The general problem of term identification in medical text is a central, unresolved issue in medical informatics. A recent review summarizes the different approaches and tools now available to informaticians [3]. The following suggestions may be helpful when choosing a preferred method for querying medical datasets.

When is Pre-Annotation useful?

When there is the need for a global analysis of the dataset.
(In a global analysis of a dataset, all the data elements are examined at once.

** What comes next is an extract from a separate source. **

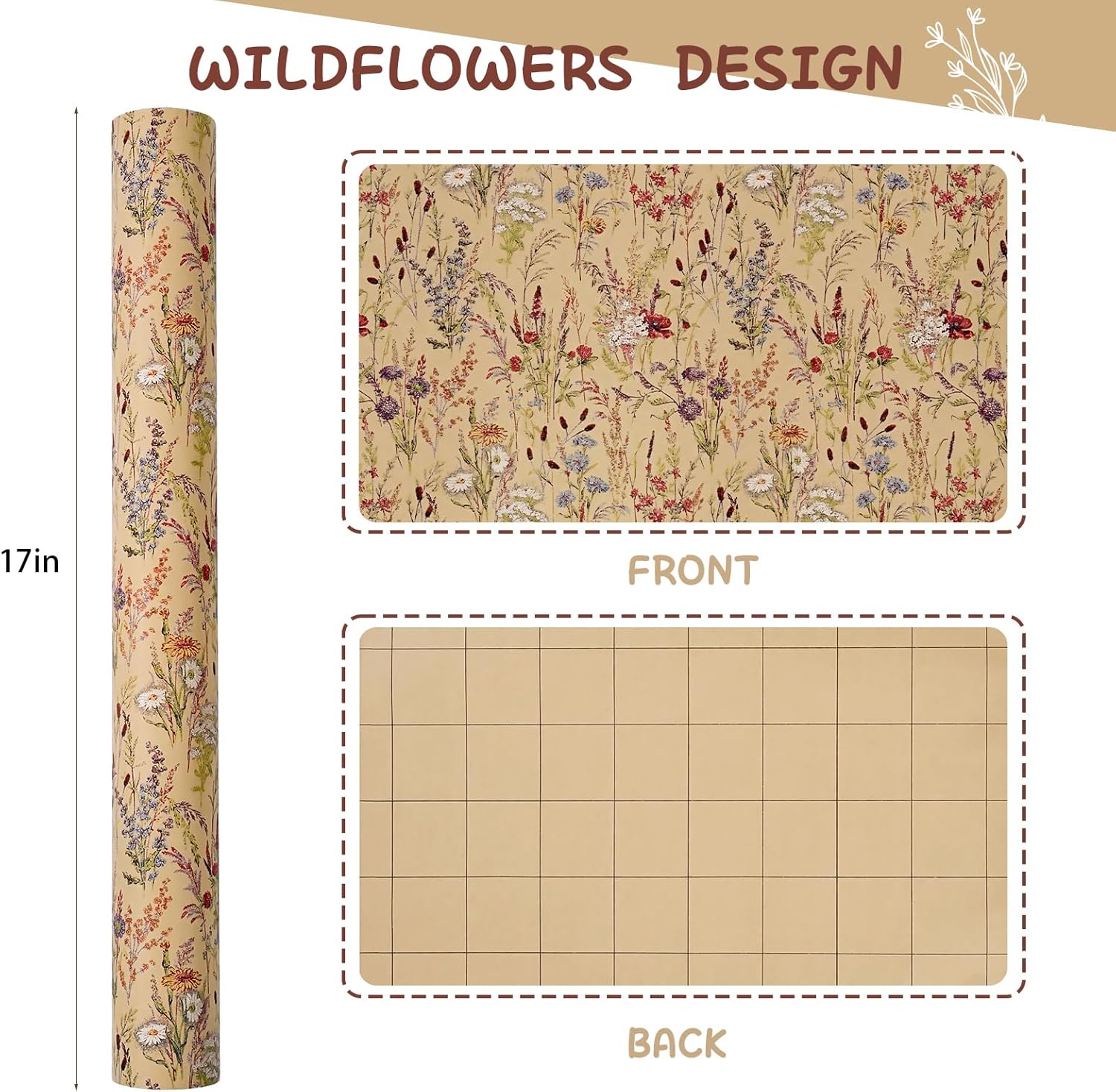 - WILDFLOWER GIFT WRAP: Adorned with dainty wildflower prints, this 17 x 33' roll (46.8 sq ft) offers effortless charm for small to medium gifts, ldeal for boho weddings, spring celebrations.and everyday gifting always check gift sizes before ordering!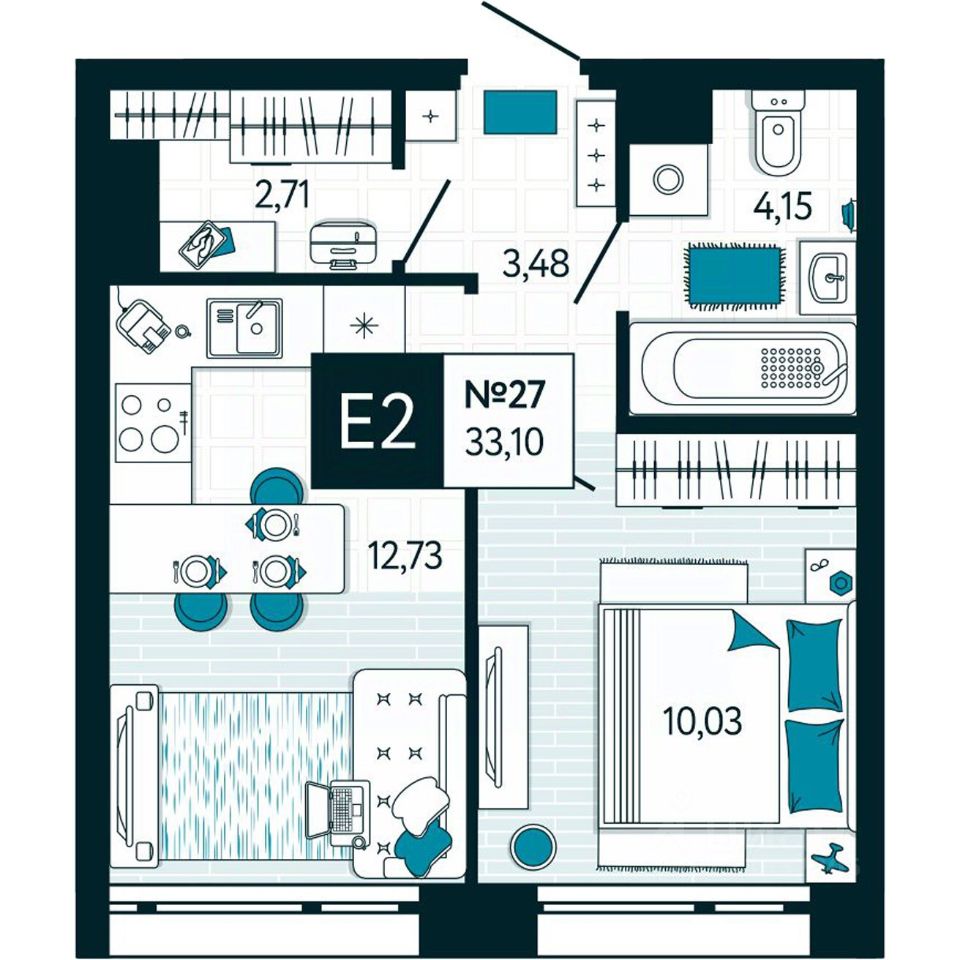 Общая площадь33,1 м²

Typically, the researcher is looking for relationships among the different data elements.)
When the query response time must be very rapid.
When the expected number of queries may be very large.

When is fast doublet matching useful?

When the dataset is typically searched one item at a time.
When the dataset does not change or changes only by the addition of records.
When the dataset is being searched using many different types of vocabularies.
When the dataset is searched with a single vocabulary that is constantly changing.
When one dataset needs to be integrated with another dataset, and the datasets have not been annotated with the same nomenclature.

Conclusions

Nomenclature-based data retrieval without prior annotation, using the fast doublet method, has the potential of eliminating much of the time and money now spent on data annotation. The method supports retrieval with any version of any nomenclature, thus permitting researchers to integrate data among heterogeneous sources. An open source implementation of the algorithm, in the Perl programming language, is publicly available (www.pathologyinformatics.org/informatics_r.htm).

Acknowledgements

This work was conducted as part of the author's duties as a U.S. government employee. the statements in the manuscript are the opinion of the author and do not represent U.S. government policy.